╭─ TASK INPUT
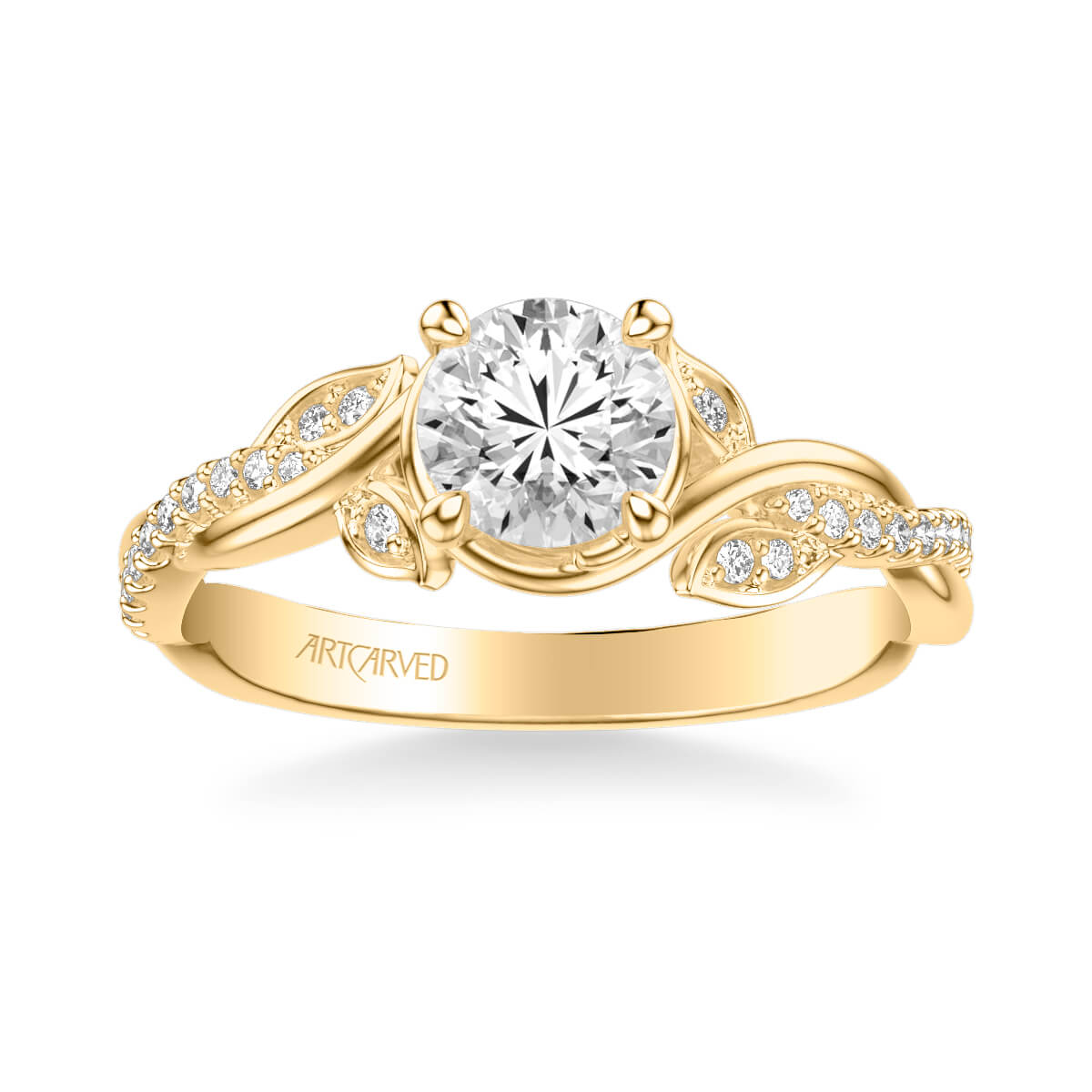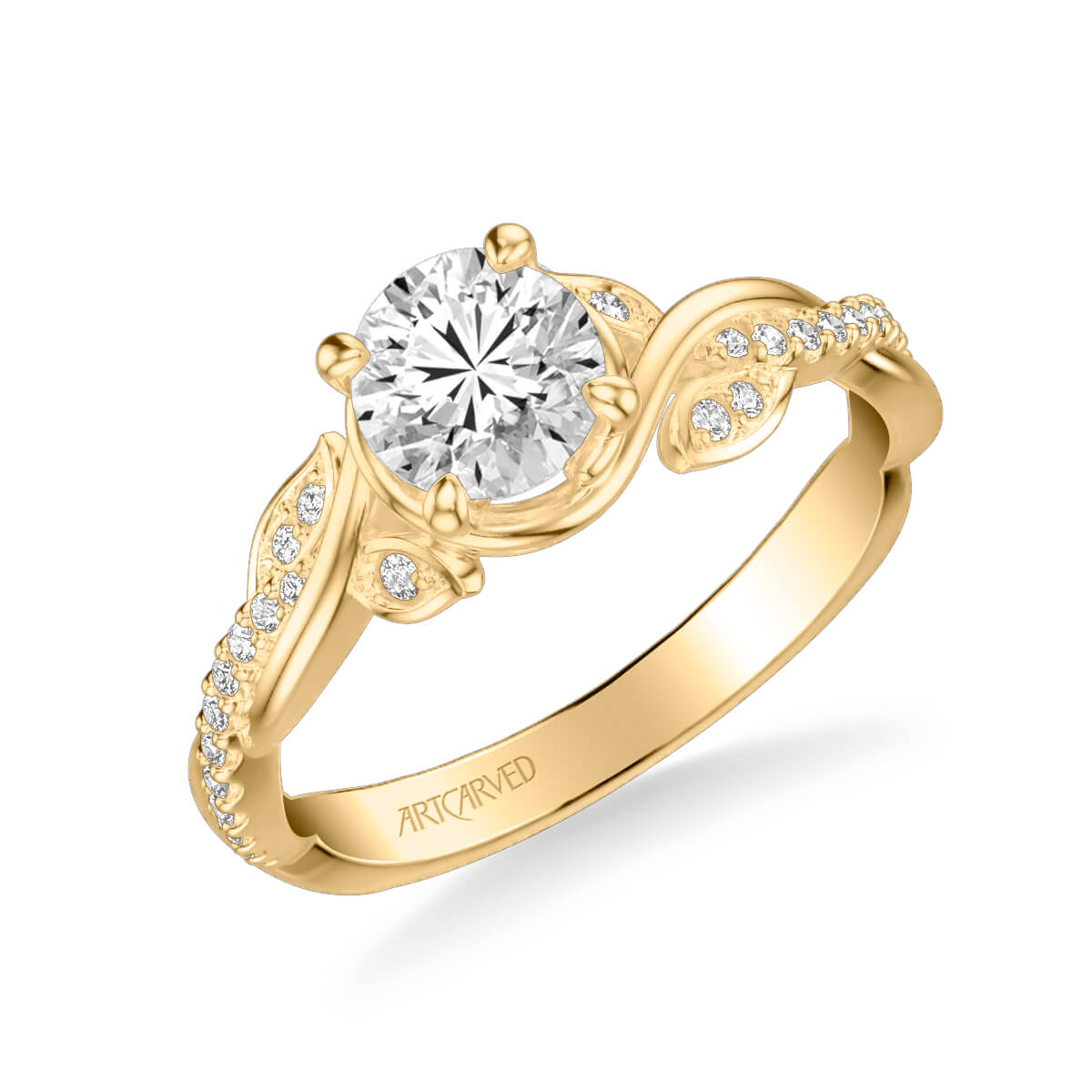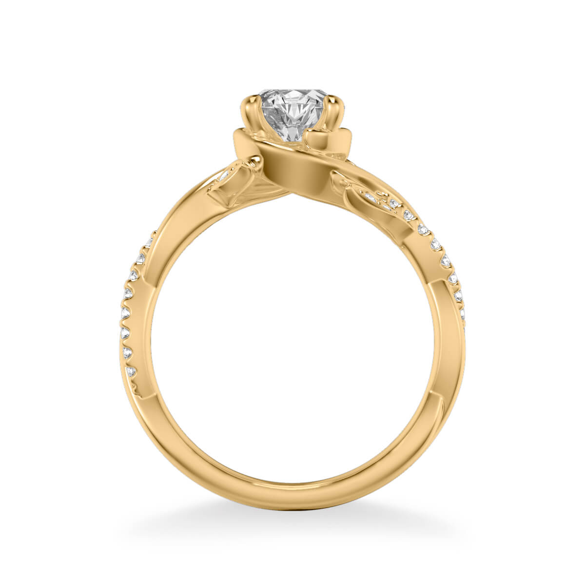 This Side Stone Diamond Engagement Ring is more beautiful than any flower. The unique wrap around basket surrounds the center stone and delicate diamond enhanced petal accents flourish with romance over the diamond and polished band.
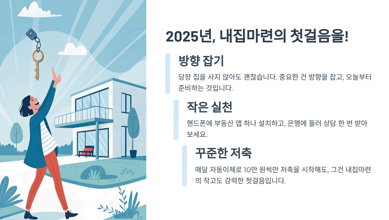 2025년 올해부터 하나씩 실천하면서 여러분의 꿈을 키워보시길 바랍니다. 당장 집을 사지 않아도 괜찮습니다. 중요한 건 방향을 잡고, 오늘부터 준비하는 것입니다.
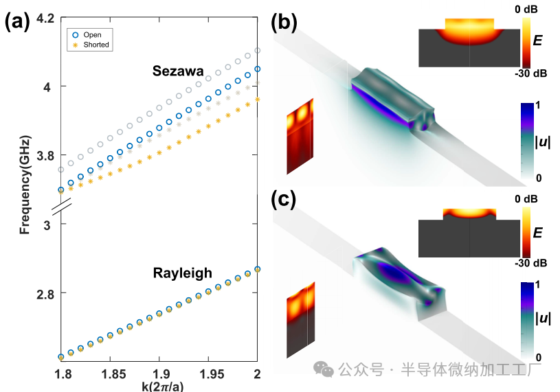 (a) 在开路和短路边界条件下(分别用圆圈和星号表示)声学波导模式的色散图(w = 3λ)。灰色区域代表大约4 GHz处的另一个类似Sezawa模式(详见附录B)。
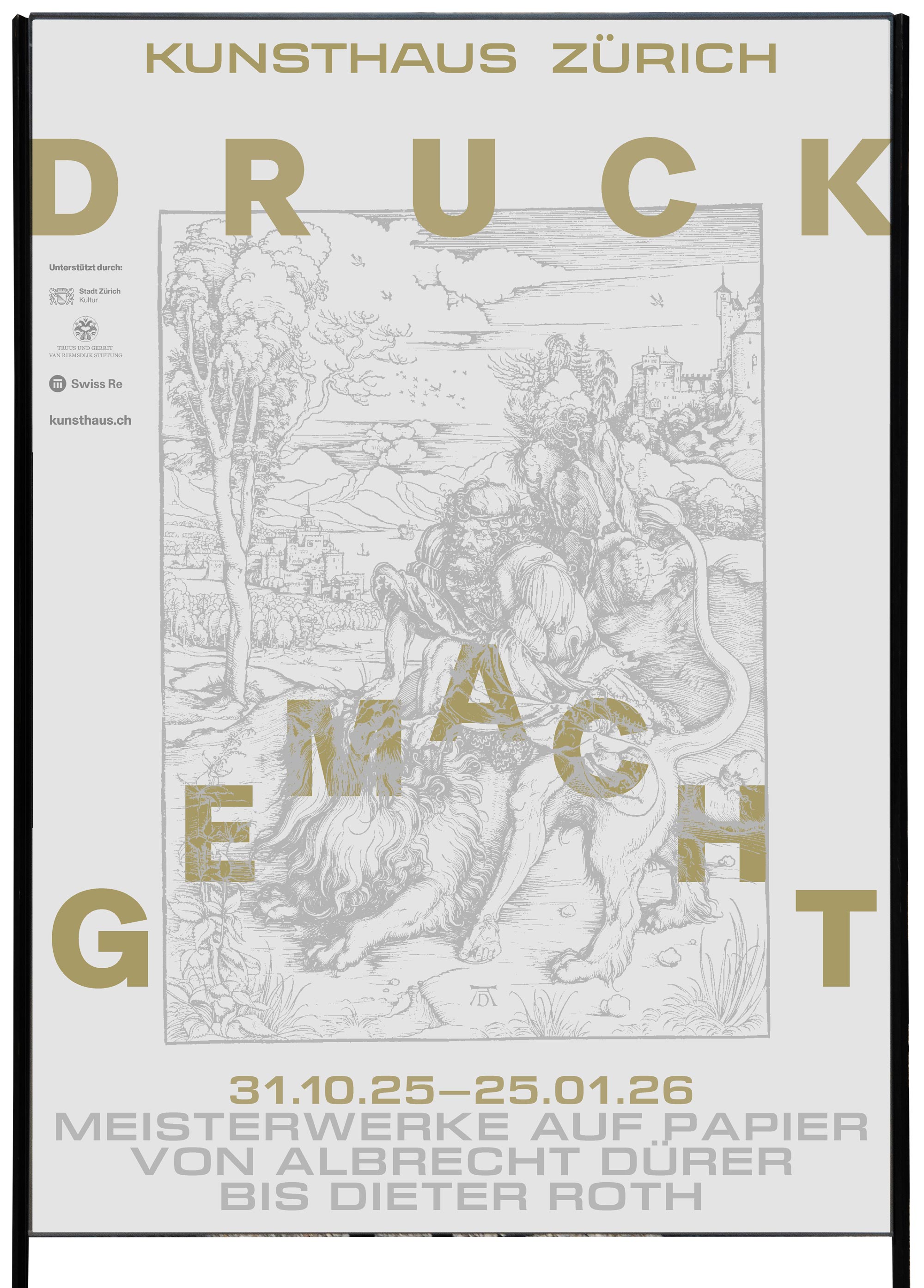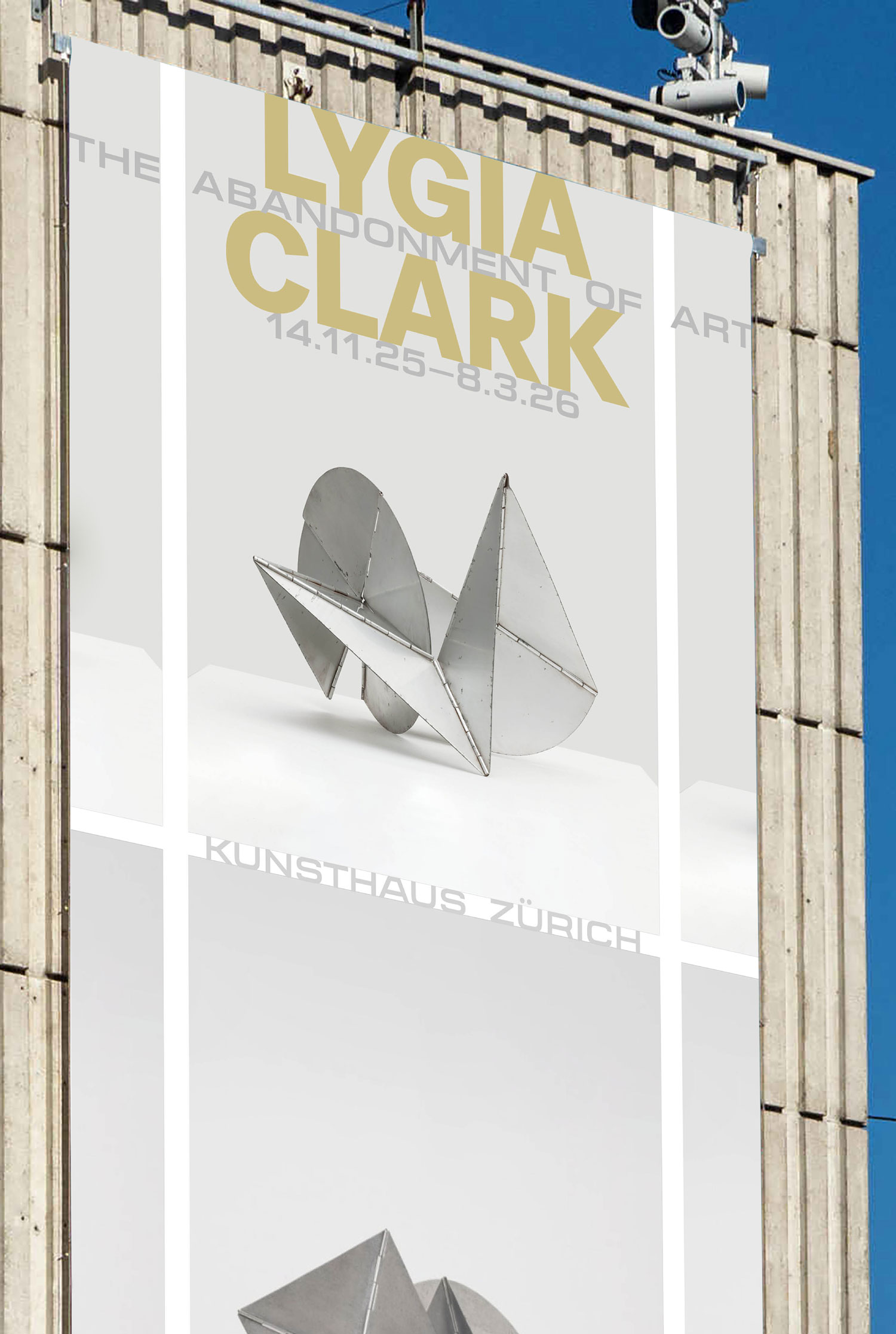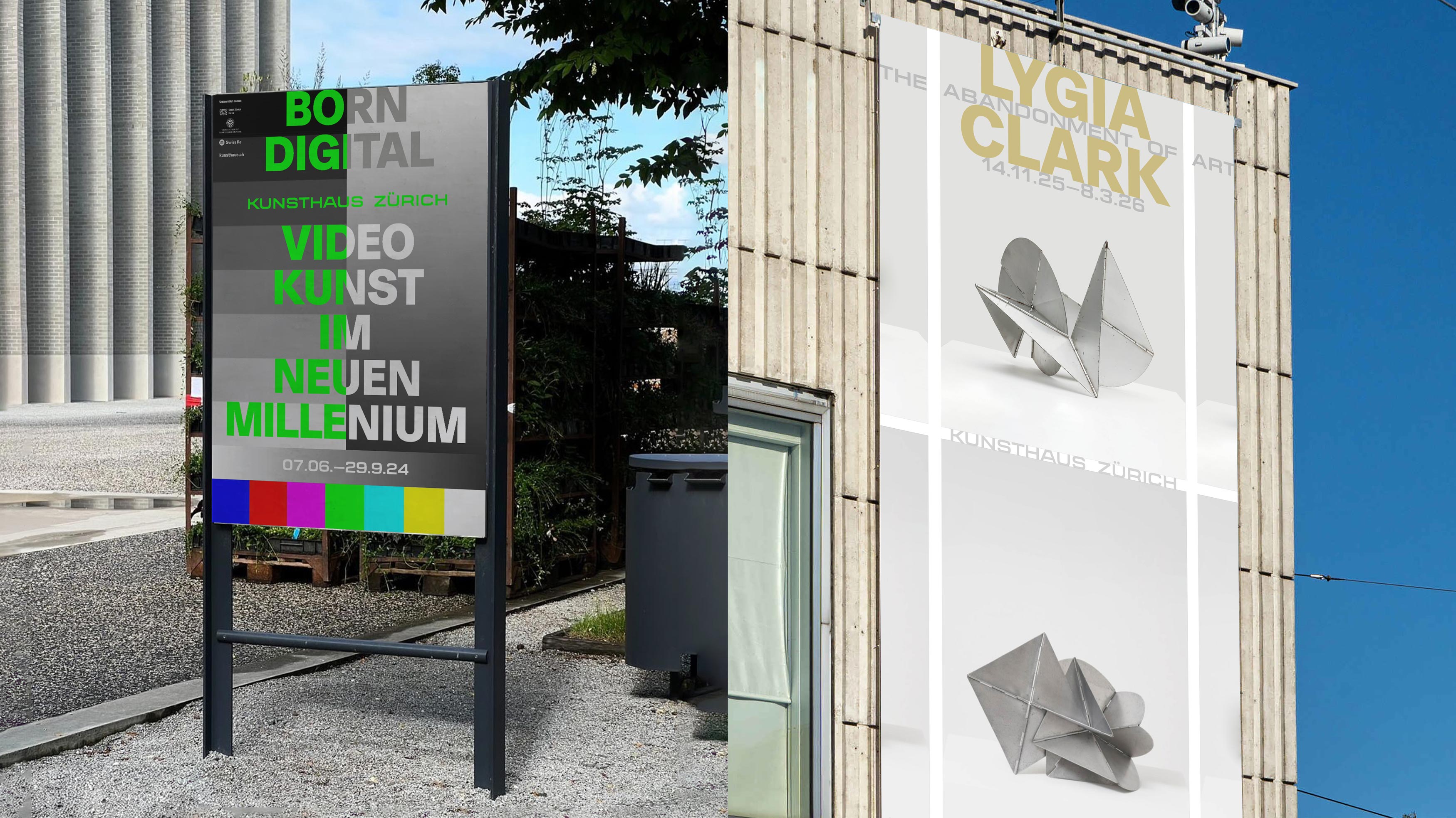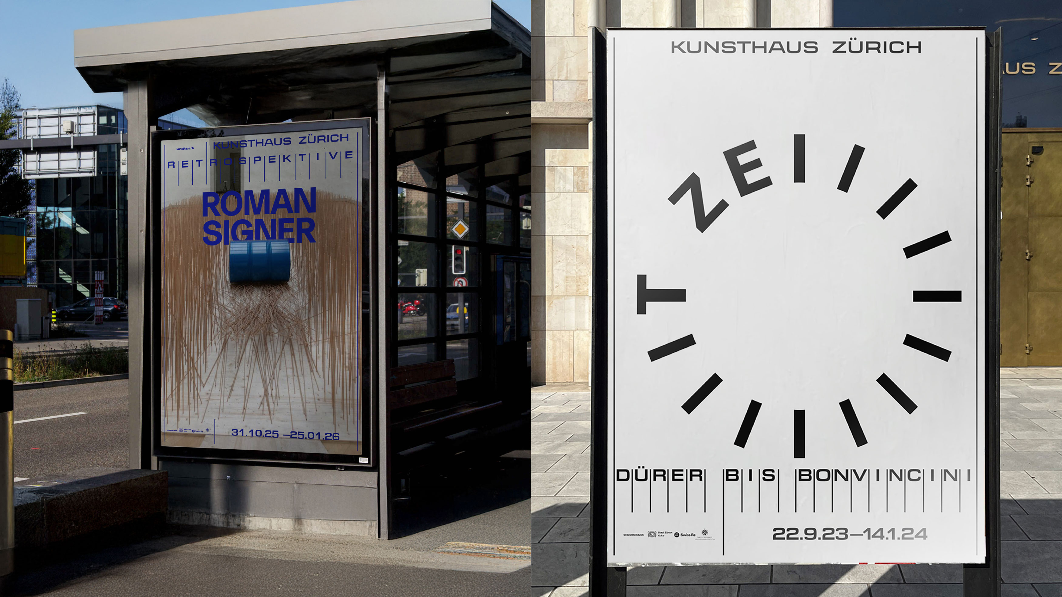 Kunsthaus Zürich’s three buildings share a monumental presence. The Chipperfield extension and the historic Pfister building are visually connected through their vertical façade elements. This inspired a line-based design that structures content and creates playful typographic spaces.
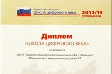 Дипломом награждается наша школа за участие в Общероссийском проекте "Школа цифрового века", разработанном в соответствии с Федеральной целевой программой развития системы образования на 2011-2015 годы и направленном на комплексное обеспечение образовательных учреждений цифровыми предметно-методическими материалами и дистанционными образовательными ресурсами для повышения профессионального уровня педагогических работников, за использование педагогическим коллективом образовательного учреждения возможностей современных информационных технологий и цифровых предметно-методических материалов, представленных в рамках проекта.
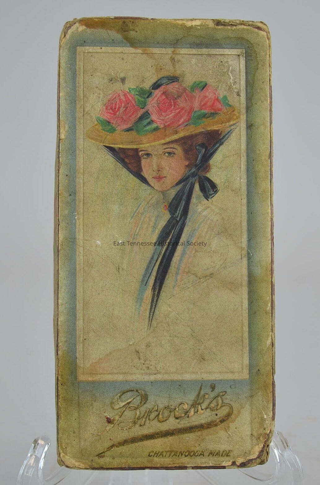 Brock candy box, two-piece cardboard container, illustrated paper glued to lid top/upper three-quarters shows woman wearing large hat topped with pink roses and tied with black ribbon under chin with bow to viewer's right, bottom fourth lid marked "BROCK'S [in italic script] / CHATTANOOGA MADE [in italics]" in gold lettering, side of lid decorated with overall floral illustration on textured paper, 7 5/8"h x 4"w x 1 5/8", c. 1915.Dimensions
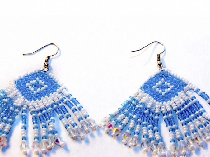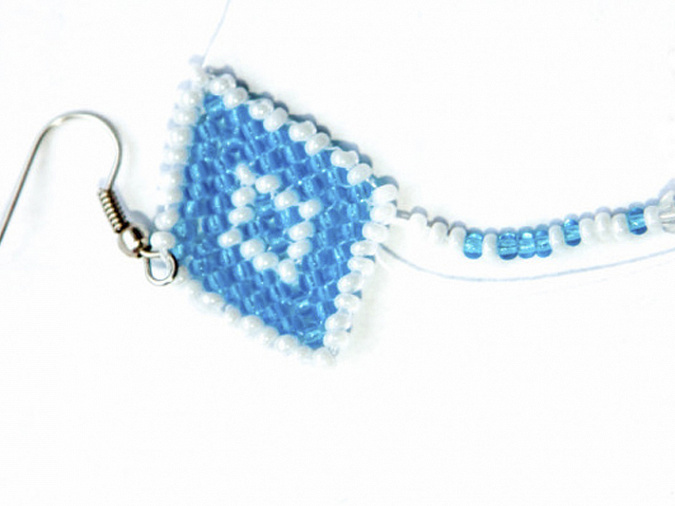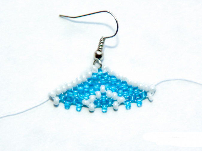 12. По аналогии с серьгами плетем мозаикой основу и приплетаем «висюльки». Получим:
╰─
WORK TASK >> In the listing above, find the line holding "(a) 在开路和短路边界条件下(分别用圆圈和星号表示)声学波导模式的色散图(w = 3λ)。灰色区域代表大约4" and the line holding "Kunsthaus Zürich’s three". Reproduce those two lines and all between them exactly, leaving out pictures.

TASK OUTPUT >>
 (a) 在开路和短路边界条件下(分别用圆圈和星号表示)声学波导模式的色散图(w = 3λ)。灰色区域代表大约4 GHz处的另一个类似Sezawa模式(详见附录B)。
 Kunsthaus Zürich’s three buildings share a monumental presence. The Chipperfield extension and the historic Pfister building are visually connected through their vertical façade elements. This inspired a line-based design that structures content and creates playful typographic spaces.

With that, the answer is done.